Rzecz jasna, wzorem wysokobudżetowych hitów, Park… był pomyślany jako franczyza i wokół filmu rozkręcono spory, merchandisingowy szum, którego efektem były wspomniane wcześniej gazety, plakaty i zabawki. Mam przeczucie graniczące z pewnością, że seans filmu uruchomił w wielu osobach pragnienie zostania naukowcem: archeologiem, biologiem, biotechnologiem… Kto wie, czy postać Rossa Gellera z kultowych Przyjaciół, nie otrzymała zawodu i zainteresowań w rezultacie mody na dinozaury. Od pierwszych kinowych pokazów do czasów emisji w telewizji Park Jurajski zdążył stać się popkulturowym fenomenem, a jego dziedzictwo trwa do dziś.
Ale potężny, lecz krótkoręki T-Rex był bohaterem nie tylko Parku Jurajskiego. Dwa lata po filmie Spielberga byliśmy świadkami kolejnej rewolucji dokonanej w latach 90., a która stanowi ich symbol. Na ekrany kin trafiło Toy Story – pierwszy pełnometrażowy film animowany w całości za pomocą komputerów i jednocześnie pierwszy pełnometrażowy film studia Pixar, współtworzonego przez Steve’a Jobsa. Bohaterami tej mądrej i zabawnej opowieści były zabawki należące do nastoletniego Andy’ego. Szmaciany kowboj, samochodzik z napędem, plastikowy astronauta, lalka pasterka, zabawkowy T-Rex oraz kilka innych postaci ożywały, gdy tylko chłopiec wychodził z pokoju.

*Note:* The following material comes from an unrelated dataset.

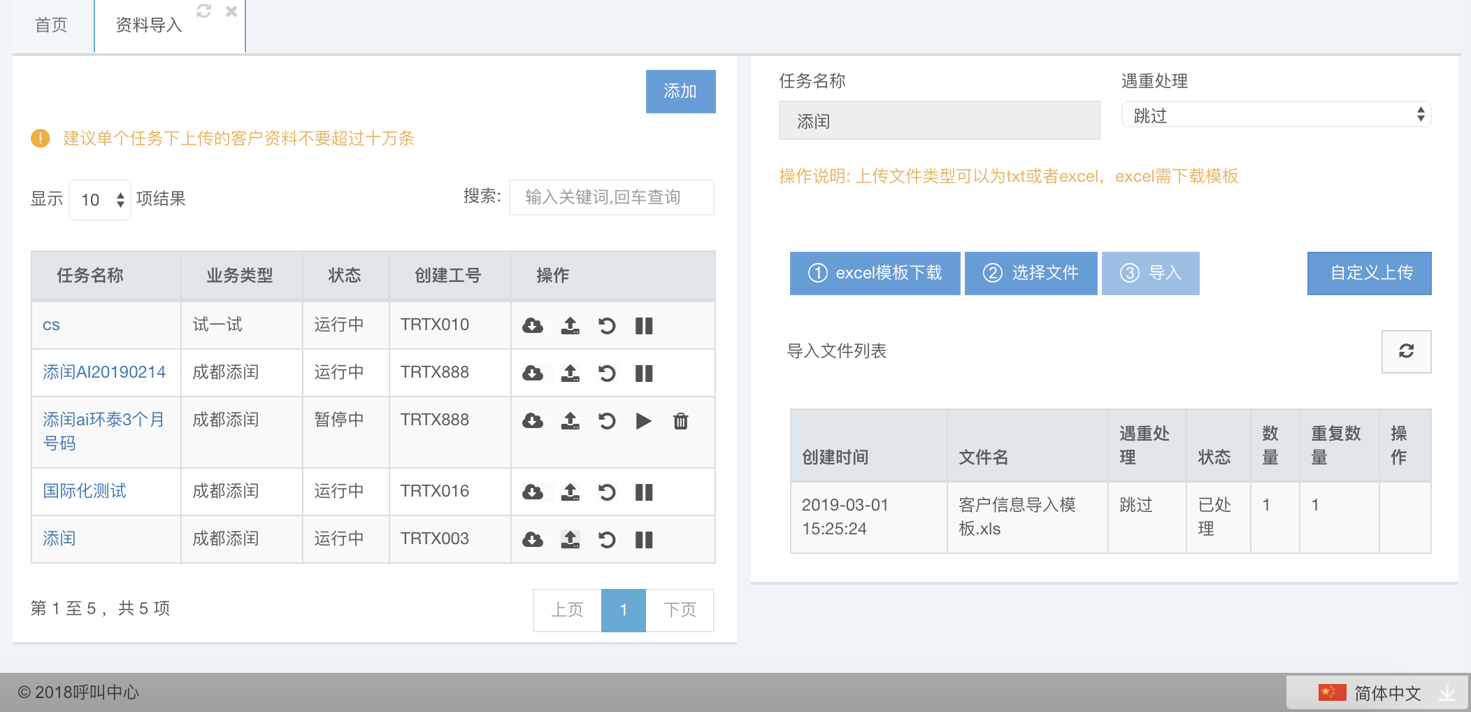 此时再查看任务情况,可以看到这个任务里面已经有数据了。点击上传按钮,可以追加导入。

Toy Story jako seria dokonało rzeczy niemal niemożliwej: wprowadziło nowy trend do kina, zachwyciło krytyków, wkradło się w serca widowni, zapoczątkowało serię, której każda część była jednoznacznie pozytywnie oceniana, jednocześnie dostarczając wartościowego, mądrego, humanistycznego przekazu. I nawet jeśli jest jakiś etyczny zgrzyt między faktami, że Toy Story uczy nas szacunku do rzeczy martwych, a współzałożyciel Pixara, Steve Jobs, kojarzony jest z drogimi, komercyjnymi technologiami i jednocześnie wyzyskiwaniem taniej siły roboczej w Azji, to historia Chudego, Buzza i wesołej ferajny jest integralnym elementem życia wielu millenialsów. Czy jestem jedynym, który widząc w supermarkecie pełnowymiarową lalkę Chudego, czuje impuls włożenia jej do koszyka, zabrania do domu i przeżycia z nim jakiejś kosmicznej przygody na krańcu świata albo i dalej?